Functional neuroimaging investigations of sound-frequency representation in the human brain revealed a large-scale topographic organization of the auditory cortex (AC) with multiple tonotopic maps, i.e. with multiple orderly representations of best frequency preference. At higher processing levels, fMRI studies consistently detected multiple regions in non-primary AC exhibiting selective responses to specific sound categories, such as speech 1, voice 2, and music 3. It remains debated to what extent these responses reflect functional specialization or tuning to (combinations of) low level acoustic features. This study examines lower and higher levels of sound processing in human AC using submillimeter resolution fMRI at 9.4 T. We first obtained tonotopic maps of primary and non-primary areas using tones. We then examined the functional responses to sounds from four real life categories and to corresponding low level matched control sounds.

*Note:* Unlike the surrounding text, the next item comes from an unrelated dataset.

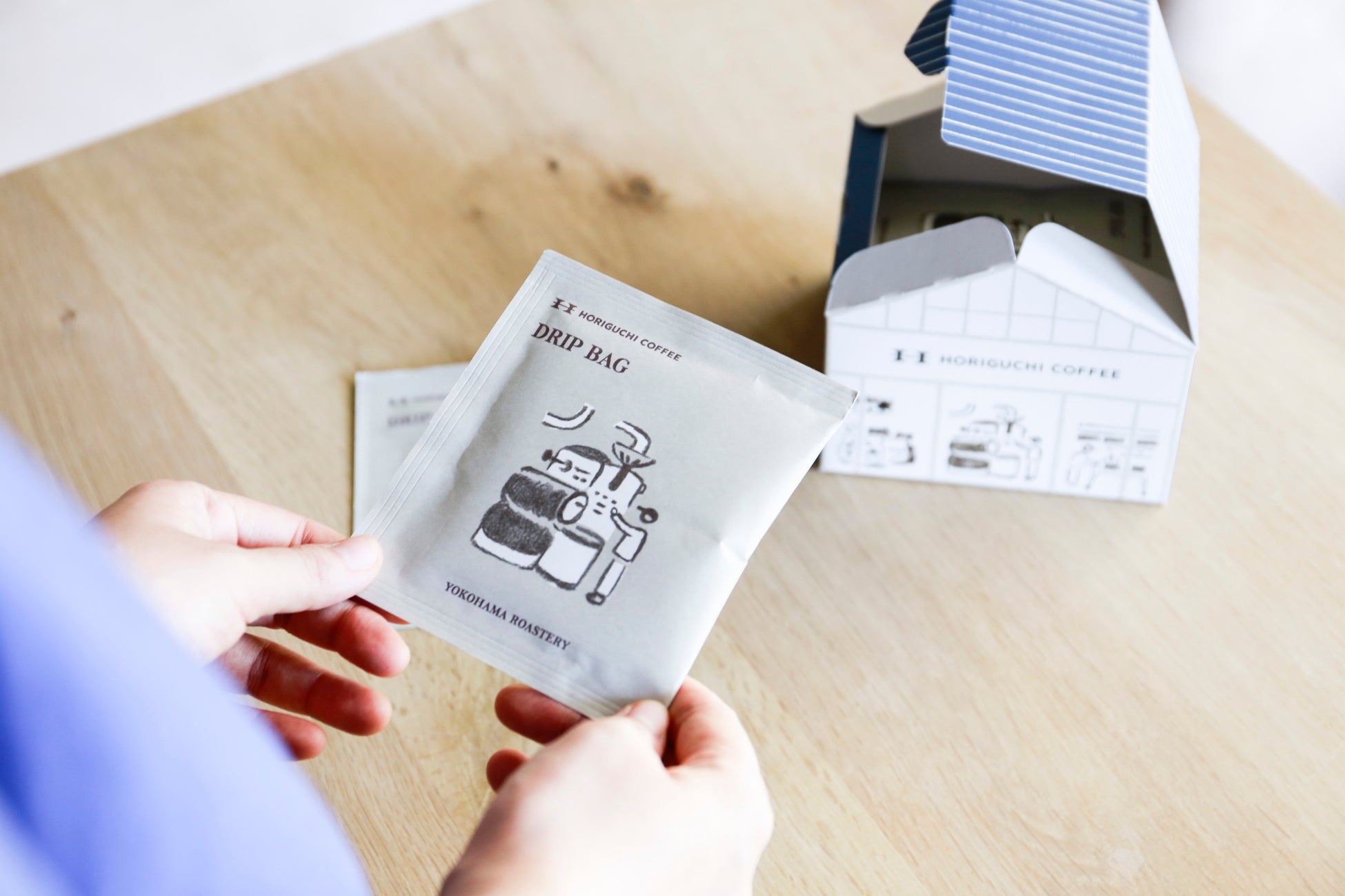 2019年に新設し、開業5周年を迎えた堀口珈琲の焙煎施設「横浜ロースタリー」(注1 詳しくは「横浜ロースタリーについて」をご覧ください)。お客様への感謝の気持ちを込めて、横浜ロースタリーの建物の形を模した外箱デザインのドリップバッグを9月25日(水)に発売します。世界中の産地からコーヒー生豆が届けられる横浜港。この港町横浜を象徴する「海」や「空」にあわせて、外箱の天井や側 面には青色を使用しています。正面にはコーヒー生豆の麻袋や、焙煎・ハンドソー ティング(選別)の様子、側面にはコーヒーをドリップしている人物など、横浜ロースタリーでのコーヒー作りが描かれています。この商品をきっかけに、横浜ロー スタリーでのコーヒーづくりを知ってもらいたいという願いを込めました。現在、 月に数回実施中の「横浜ロースタリー見学会」でも販売するので、横浜土産としてもご活用いただけます。

We tested the hypothesis that the “selectivity” of responses for a specific sound category (e.g. speech) is preserved for control sounds whose acoustic properties are matched to the corresponding category but are unrecognizable.

Methods

Participants and set-up: 7 healthy human volunteers participated in the fMRI measurements performed with a 9.4 T scanner (Siemens, Erlangen, Germany) equipped with a head gradient set (80mT/m @ 400mT/m/s) and an 8Ch-TX/32ch-RX coil (Life Services LLC, Minneapolis, MN) focused on temporal lobe. 2 participants were excluded due to large motion artefacts or technical problems. A non-subject-specific B1+ shim was used, which was optimized for efficiency in bilateral auditory cortex and validated for safety through SAR modeling.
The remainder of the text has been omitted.